PUBLISHERS TERMS & CONDITIONS
The following terms and conditions shall govern the placement and delivery of advertising as set forth in any insertion orders or service agreements (“IO”) executed by and between Tremor International Ltd. (formerly “Taptica International Ltd.” and “Taptica Ltd.”) and its subsidiaries (hereafter: “Tremor”) and Publisher.
- Services. Tremor will enable the provision of commercial advertisement ads on Publisher’s Site(s) and properties (as defined below) through the use of the Tremor platform (the “Services”). Publisher may implement the Services only on such approved Publisher’s properties as set forth in a given IO (the “Site(s)“) and in accordance with the instructions agreed to by the parties hereto. Any change or amendment to the list of Site(s) must be done in writing and approved in advance by Tremor. Publisher shall be responsible and solely liable for all actions of its partners and affiliates, including without limiting to, compliance with the terms of this Agreement and any IO.

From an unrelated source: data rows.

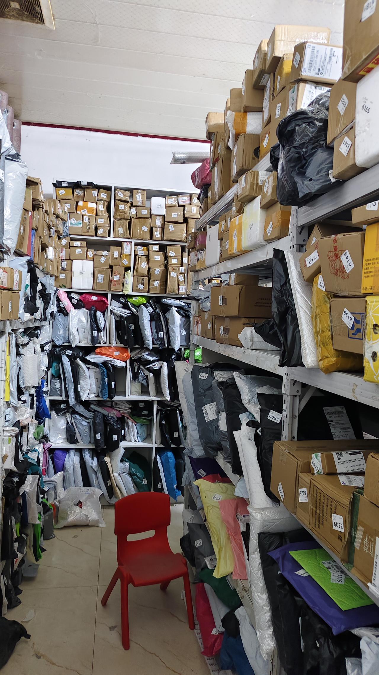 走进这间快递存放点,第一感觉就是被包裹“包围”了。 货架从地面一直堆到天花板,纸箱、防水袋裹着的快件层层叠叠,左边的货架上是各式软包装的包裹。 右边则摞着大小不一的硬纸箱,标签上的数字和条码密密麻麻。 过道只留了窄窄一条,中间摆着一把红色塑料椅,在满是快件的空间里格外显眼。 这里的快件没有刻意整理的规整感,却能看出是按区域或编号随意归置着。 整体就是快递点日常运转的真实模样,杂乱中透着忙碌的烟火气。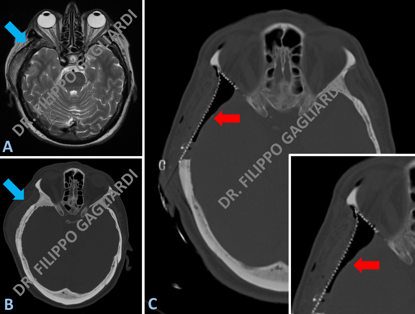 Caso di meningioma sfeno-orbitario destro (frecce azzure Figure A e B). Il tumore infiltra diffusamente il muscolo temporale (muscolo masticatorio localizzato a livello della tempia) (freccia azzurra Figura A), l’osso della volta cranica lateralmente e la parete laterale dell’orbita (freccia azzurra Figura B). La TC post-operatoria documenta l’asportazione completa del meningioma con la decompressione dell’occhio destro e la ricostruzione del profilo del cranio e dell’orbita con una mesh (rete) in titanio (frecce rosse Figura C).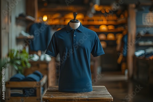 mannequin, modelling, dark, blue, polo, shirt, minimalist, store, setting, fashion, display, clothing, style, trendy, chic, retail, design, outfit, window, modern, contemporary, urban, sleek, elegant, sophisticated, visual, merchandising, showcase, garment, space, industry, styling, decor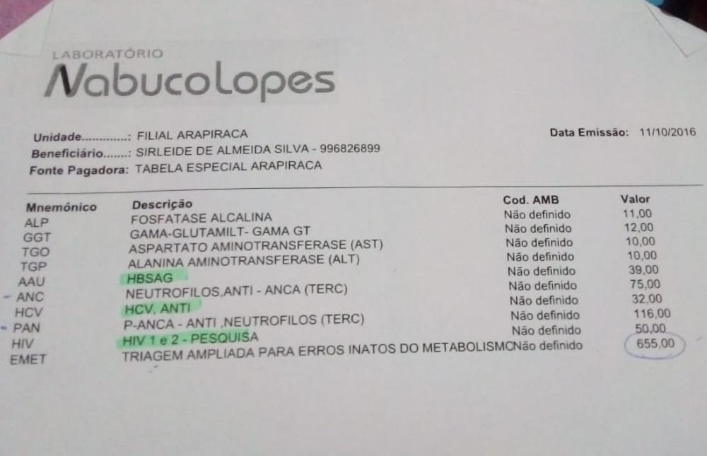 A mesma precisa urgente passar por consultas de retorno, exames para poder comprar a medicação vai fazer três meses que sirleide não faz exames de sangue por falta de dinheiro.
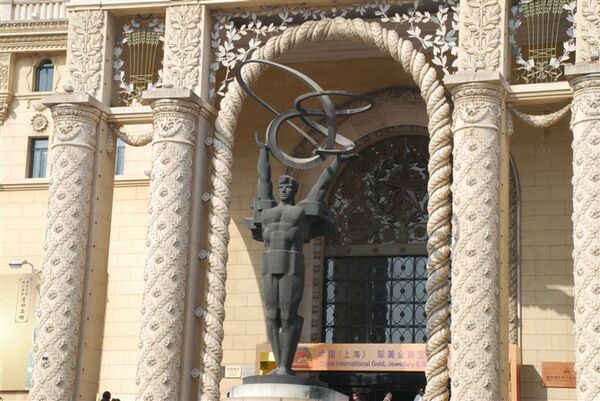 Выставочный центр был оформлен шанхайскими художниками. Здание украшено скульптурными барельефами. Перед главным входом изначально была установлена скульптура, изображающая советского и китайского рабочих с молотками в руках. После советско-китайского раскола скульптура была демонтирована и заменена на другую скульптуру рабочего.

- Consideration. (i) In return for the Services, Tremor shall retain a percentage of the Net Revenues (as defined below) derived from the Services, as set forth in the IO. “Net Revenue” means the revenue actually received from advertisers in relation to Qualified Transactions as part of the Services, less any taxes that Tremor is required to pay or collect in relation to the supply of Services, any credit card processing fees, bad debt and charge-backs, commissions or discounts allowed or paid to advertising agencies, refunds to advertisers and third-party partners and other payments to third parties if applicable. Tremor will pay Publisher in accordance with the revenue statement forty-five (45) business days following the end of the calendar month for which payment is due.
(ii) It is hereby clarified that non-qualified transactions are not payable. Tremor may, at its discretion, discount, credit back or accrue a credit against revenue shares already provided to the Publisher for transactions which were deemed to be non-Qualified Transactions following payment. To the extent that inventory is determined by Tremor to be a result of non-qualified transactions, then, in addition to any other remedy available to Tremor, Publisher agrees that invalid impressions and actions shall not be payable by Tremor. Any and all payments previously made by Tremor to Publisher on account of Publisher Sites which are subsequently deemed to include non-qualified transactions shall be promptly refunded to Tremor. Tremor shall have the right to off-set any amounts owed to it pursuant to this paragraph against any amounts owing to Publisher under this Agreement.
A “Qualified Transaction” means a transaction that occurs when a bona fide Internet user views or fulfills some kind of actions (as agreed between the parties) in relation to the ad that appears in the Site(s); Without limiting the above, it is hereby clarified that transactions due to injection traffic, bot traffic or automatic injections by toolbars shall not be considered Qualified Transactions.
(iii) All payments due are exclusive of taxes, duties, levies, tariffs, and other governmental charges (including without limitation VAT) (collectively, “Taxes”). Publisher will be responsible for payment of all Taxes and any related interest and penalties resulting from any payments made hereunder.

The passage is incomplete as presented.